Así se evidencian dos cosas: que todo acto bélico tiene un costo social muy alto, del que poco se habla, incluso de las escenas dantescas de la muerte; y que, al lado de los más grandes conflictos, contrario de lo que nos han hecho pensar, han existido voces de resistencia y de lucha pacífica a favor del mantenimiento de la convivencia y el diálogo.

Más recientemente, con la voracidad de las dos guerras mundiales y todo lo que representó la guerra fría, donde, como decía Gabriel García Márquez criticando el desarrollo de las armas de destrucción masiva, era increíble pensar que, en las manos de una sola persona en algún lugar del mundo se decidiera el destino de la humanidad y de la vida misma del planeta; la paz ha sido una bandera social y política del mundo contemporáneo.

Por eso la paz ha sido enarbolada como derecho y la educación para la paz ha sido una apuesta mundial desde organismos como la ONU, pero como lo han señalado varios historiadores, esas educaciones de carácter nacionalista del proyecto de Estado moderno, donde todos los héroes son guerreros y donde no cabían otros grupos étnicos, los niños o las mujeres, muy al contrario, han educado es para la guerra.

El caso de América Latina es bastante particular al respecto, en la medida en que la región afrontó varios episodios de dictadura militar (Chile, Argentina, Uruguay Brasil), así como el surgimiento de ejércitos de oposición a los gobiernos que desencadenaron en guerras civiles internas (El Salvador, Nicaragua, Perú, Colombia).

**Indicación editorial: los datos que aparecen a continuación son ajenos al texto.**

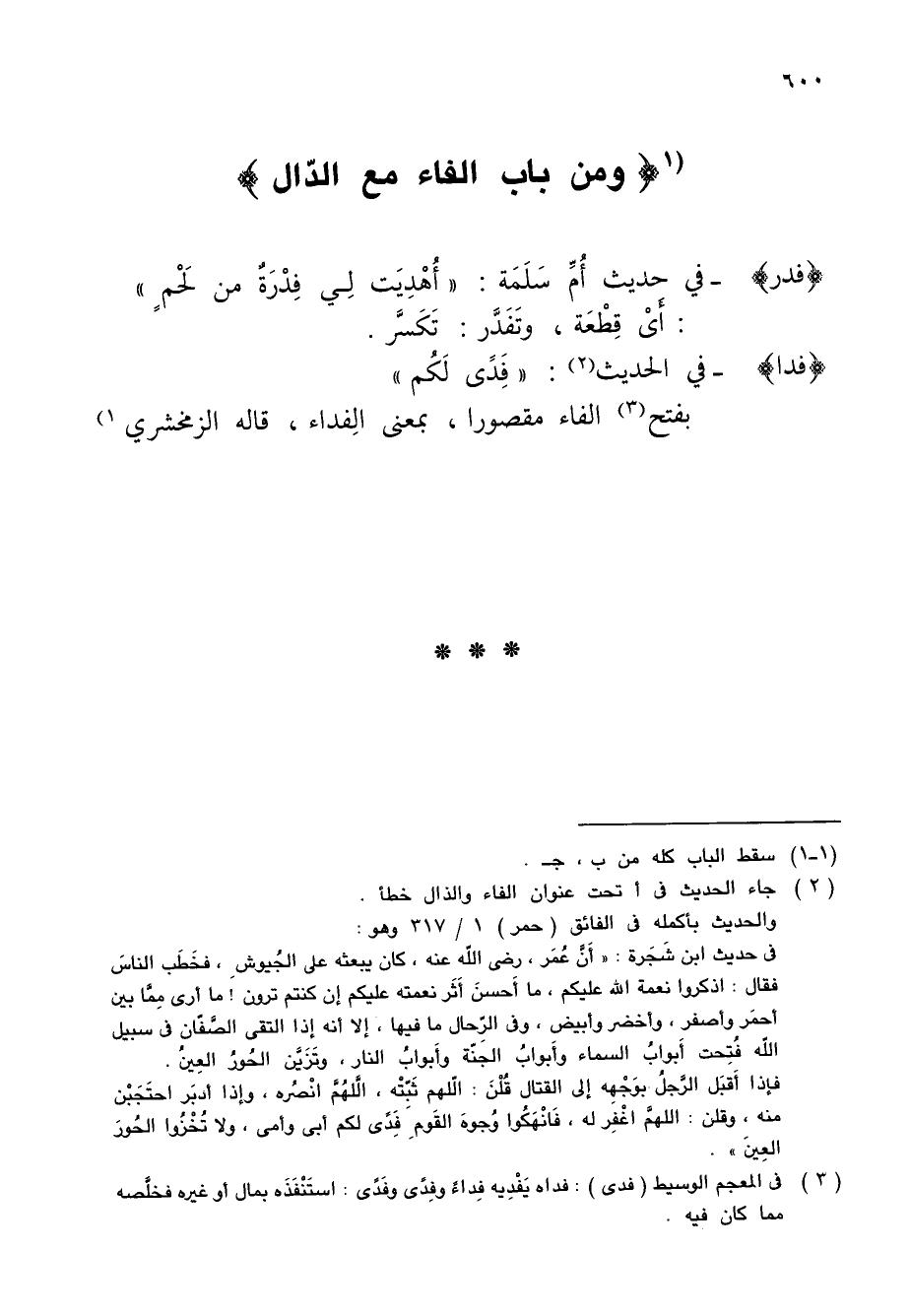 (¬2) جاء الحديث في أتحت عنوان الفاء والذال خطأ.

En ese sentido, la educación y la enseñanza de la historia reciente de los conflictos estuvieron en los campos de disputa por la memoria y el reconocimiento de las víctimas.

Por eso, la tarea de construir apuestas de convivencia pacífica desde la educación es una tarea pendiente y urgente, pero no evadiendo las raíces de la confrontación, al contrario, intentando establecer los orígenes de la violencia, la justeza o no de la guerra a partir de sus costos, y la capacidad de incluir a aquellos que han sido históricamente invisibilizados.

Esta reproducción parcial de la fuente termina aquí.